▶ **WHAT THE EXERCISE ASKS**
Repeat the whole listing word for word, skipping pictures.

▶ **EXTRACTED MATERIAL**
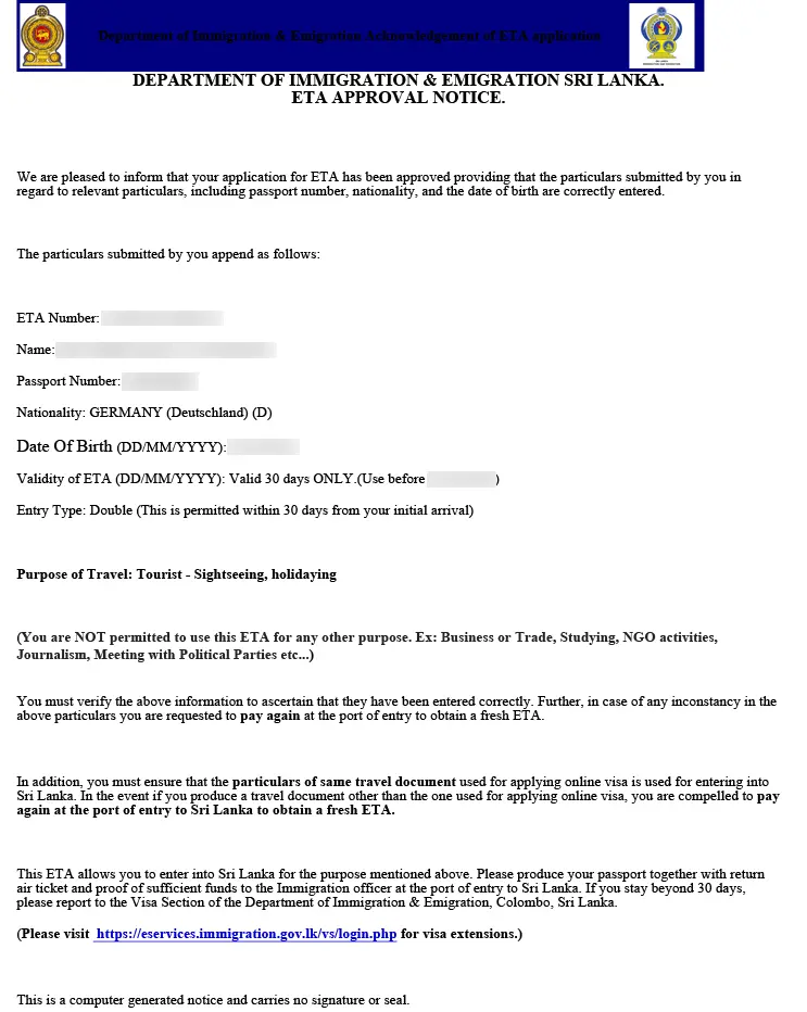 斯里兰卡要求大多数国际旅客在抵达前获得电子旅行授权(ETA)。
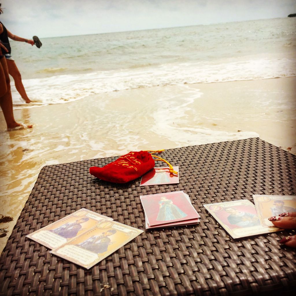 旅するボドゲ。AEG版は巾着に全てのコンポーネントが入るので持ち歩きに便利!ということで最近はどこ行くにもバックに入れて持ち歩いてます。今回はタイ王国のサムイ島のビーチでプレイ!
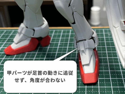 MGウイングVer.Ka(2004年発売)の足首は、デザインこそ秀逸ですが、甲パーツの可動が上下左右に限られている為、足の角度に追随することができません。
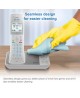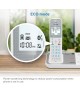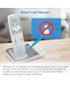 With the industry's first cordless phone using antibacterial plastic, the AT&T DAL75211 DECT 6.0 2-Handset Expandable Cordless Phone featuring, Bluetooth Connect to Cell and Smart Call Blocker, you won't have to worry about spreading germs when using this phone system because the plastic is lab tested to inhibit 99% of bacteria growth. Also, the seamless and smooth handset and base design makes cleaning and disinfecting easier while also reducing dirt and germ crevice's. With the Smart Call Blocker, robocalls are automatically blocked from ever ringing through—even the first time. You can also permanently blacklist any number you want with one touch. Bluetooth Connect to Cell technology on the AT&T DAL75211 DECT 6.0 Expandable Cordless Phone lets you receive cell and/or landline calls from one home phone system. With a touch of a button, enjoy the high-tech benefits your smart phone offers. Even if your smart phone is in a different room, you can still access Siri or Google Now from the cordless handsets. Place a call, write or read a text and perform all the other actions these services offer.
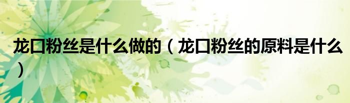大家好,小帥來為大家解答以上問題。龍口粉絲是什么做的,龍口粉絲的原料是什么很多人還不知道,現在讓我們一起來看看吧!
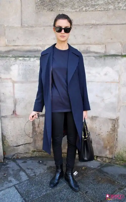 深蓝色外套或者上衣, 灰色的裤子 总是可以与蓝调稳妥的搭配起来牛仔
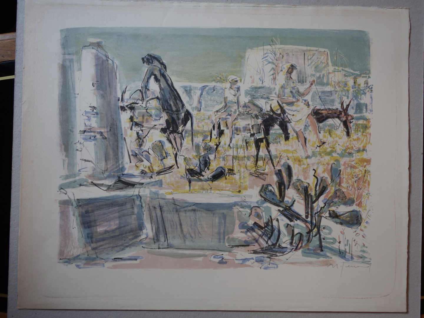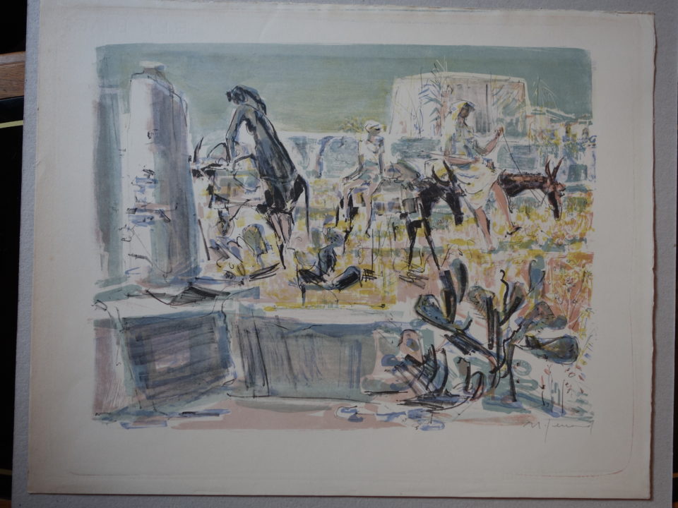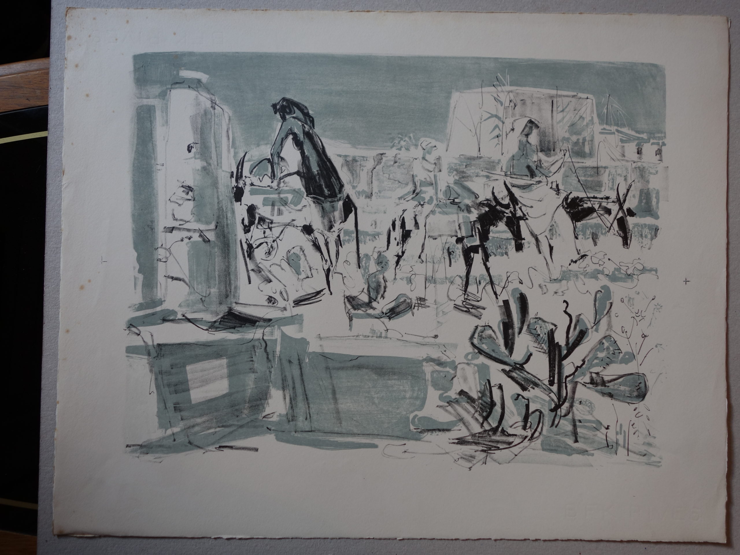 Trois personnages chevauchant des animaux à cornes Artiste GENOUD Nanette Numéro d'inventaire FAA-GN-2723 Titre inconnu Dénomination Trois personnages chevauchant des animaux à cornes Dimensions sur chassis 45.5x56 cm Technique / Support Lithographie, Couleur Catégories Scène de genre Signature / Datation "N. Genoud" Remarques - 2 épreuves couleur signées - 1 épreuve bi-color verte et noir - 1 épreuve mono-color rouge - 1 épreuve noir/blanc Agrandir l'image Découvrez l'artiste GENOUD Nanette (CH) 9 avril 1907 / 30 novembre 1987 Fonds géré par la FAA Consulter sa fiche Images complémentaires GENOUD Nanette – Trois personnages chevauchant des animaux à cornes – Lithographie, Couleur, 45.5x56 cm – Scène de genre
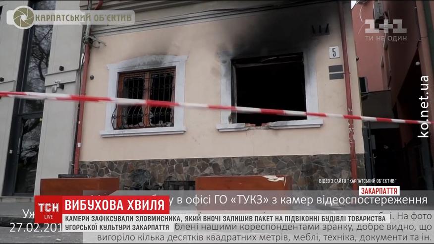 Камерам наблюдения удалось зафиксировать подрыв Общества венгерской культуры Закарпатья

▶ **RESULT**
 斯里兰卡要求大多数国际旅客在抵达前获得电子旅行授权(ETA)。
 旅するボドゲ。AEG版は巾着に全てのコンポーネントが入るので持ち歩きに便利!ということで最近はどこ行くにもバックに入れて持ち歩いてます。今回はタイ王国のサムイ島のビーチでプレイ!
 MGウイングVer.Ka(2004年発売)の足首は、デザインこそ秀逸ですが、甲パーツの可動が上下左右に限られている為、足の角度に追随することができません。
 With the industry's first cordless phone using antibacterial plastic, the AT&T DAL75211 DECT 6.0 2-Handset Expandable Cordless Phone featuring, Bluetooth Connect to Cell and Smart Call Blocker, you won't have to worry about spreading germs when using this phone system because the plastic is lab tested to inhibit 99% of bacteria growth. Also, the seamless and smooth handset and base design makes cleaning and disinfecting easier while also reducing dirt and germ crevice's. With the Smart Call Blocker, robocalls are automatically blocked from ever ringing through—even the first time. You can also permanently blacklist any number you want with one touch. Bluetooth Connect to Cell technology on the AT&T DAL75211 DECT 6.0 Expandable Cordless Phone lets you receive cell and/or landline calls from one home phone system. With a touch of a button, enjoy the high-tech benefits your smart phone offers. Even if your smart phone is in a different room, you can still access Siri or Google Now from the cordless handsets. Place a call, write or read a text and perform all the other actions these services offer.
大家好,小帥來為大家解答以上問題。龍口粉絲是什么做的,龍口粉絲的原料是什么很多人還不知道,現在讓我們一起來看看吧!
 深蓝色外套或者上衣, 灰色的裤子 总是可以与蓝调稳妥的搭配起来牛仔
 Trois personnages chevauchant des animaux à cornes Artiste GENOUD Nanette Numéro d'inventaire FAA-GN-2723 Titre inconnu Dénomination Trois personnages chevauchant des animaux à cornes Dimensions sur chassis 45.5x56 cm Technique / Support Lithographie, Couleur Catégories Scène de genre Signature / Datation "N. Genoud" Remarques - 2 épreuves couleur signées - 1 épreuve bi-color verte et noir - 1 épreuve mono-color rouge - 1 épreuve noir/blanc Agrandir l'image Découvrez l'artiste GENOUD Nanette (CH) 9 avril 1907 / 30 novembre 1987 Fonds géré par la FAA Consulter sa fiche Images complémentaires GENOUD Nanette – Trois personnages chevauchant des animaux à cornes – Lithographie, Couleur, 45.5x56 cm – Scène de genre
 Камерам наблюдения удалось зафиксировать подрыв Общества венгерской культуры Закарпатья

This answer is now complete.